Livre, liberta, libertina, libidinosa. Essa é a voz poética que transita nos poemas de Conceição Rodrigues, em Molhada até os ossos. Entidade, encantada, puta, dona de casa, estudante, cidade, pós-moderna, dama, matadeira, devota, descrente, heroína, pastora, raposa, fatal. Muitas são as mulheres que habitam a voz feminina que desliza pelos versos bem trabalhados e de linguagem cotidiana:
A mulher das sete saias
Abarca em suas barras
O mundo todo e
Todos os homens.
É metafórica
Magnética
Pneumática
A mulher das sete saias
Está nos portos
Postes e bares
Está
Quando quero escutar
Os pássaros pintados
Nas paredes de Hiroxima
É epilética
Concentrada
Esquizofrênica
[...]
Assim se apresenta o primeiro poema do livro que nos causa impacto já desde a capa, ao trazer o desenho do rosto de uma mulher em um envoltório vermelho, assemelhando-se a um véu, ao cabelo ou, ainda, a uma vulva à menstruação. Interpretação esta reforçada pela presença de algumas páginas pretas (pelos pubianos?) que se alternam esporadicamente com páginas vermelhas (menstruação?). O vermelho também remete ao sangue derramado por conta do machismo, do feminicídio e das inúmeras violências pelas quais passamos.

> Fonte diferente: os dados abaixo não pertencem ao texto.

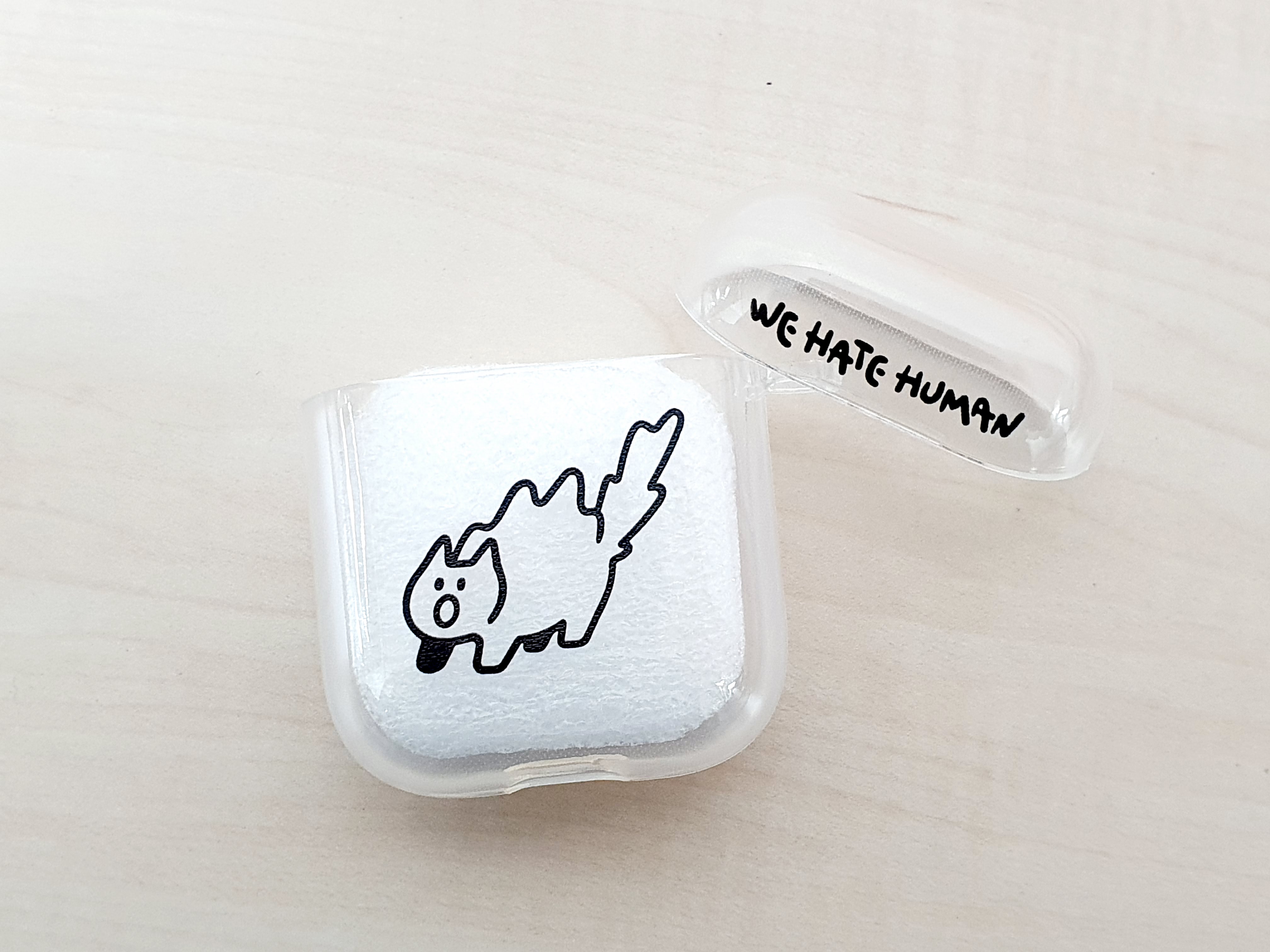 고양이 일러스트 에어팟 케이스 / 일러스트 에어팟 케이스 제작 / 투명 에어팟 케이스 제작 / 에어팟 케이스 주문제작 / 커스텀 에어팟 케이스 / 굿즈제작 / UV인쇄 / 싸인테크

Molhada até os ossos é audacioso e traz à tona a fúria guardada nas entranhas de um eu lírico em processo de erupção, de ebulição. Os poemas viscerais revelam o empoderamento feminino configurado no domínio do próprio corpo, no livre arbítrio, na opinião própria, no autoconhecimento, na independência, na ancestralidade, na autonomia, no direito de ser quem/o que a mulher quiser ser.
Seja através de versos brancos, seja através de variadas rimas (ricas, preciosas, opostas, emparelhadas, alternadas), o lirismo flutua na poesia de Conceição Rodrigues. Ademais, vale ressaltar que a poeta faz uso de diversas técnicas a fim de provocar movimento, sonoridade e estímulos sensoriais:
na boca
Ela desoDed
Ecia
Dava dE graç
A
BeijAVA na bo
Ce
Ta boca
Trepavaquandoqueria
comprimia
A uretra no m-e-i-o da ur
ina
E soltava a água devagar
Vagand
O
Ao último esquigchxxxo
Xota Rápido
Ao contrar’
lo
ado
Dona do próprio umbigo, corpo, pensamento, sentimento, da própria língua. Assim é a voz poética de Molhada até o ossos, uma figura feminina multifacetada com uma faca cerrada entre os dentes que dança, levita na beira do abismo, geme. Em meio aos versos há espaço para o amor, mas também para a crítica ao machismo, à hipocrisia e, sobretudo, para o alerta de que o aprisionamento (simbólico ou empírico) do corpo, do desejo, da alma, da fala e dos sonhos transforma a mulher em um Banquete de tapurus.
Conceição Rodrigues nos atira no espesso oceano feminino, onde nos banhamos, mergulhamos, nadamos, nos renovamos, gozamos, flutuamos e saímos molhadas até os ossos.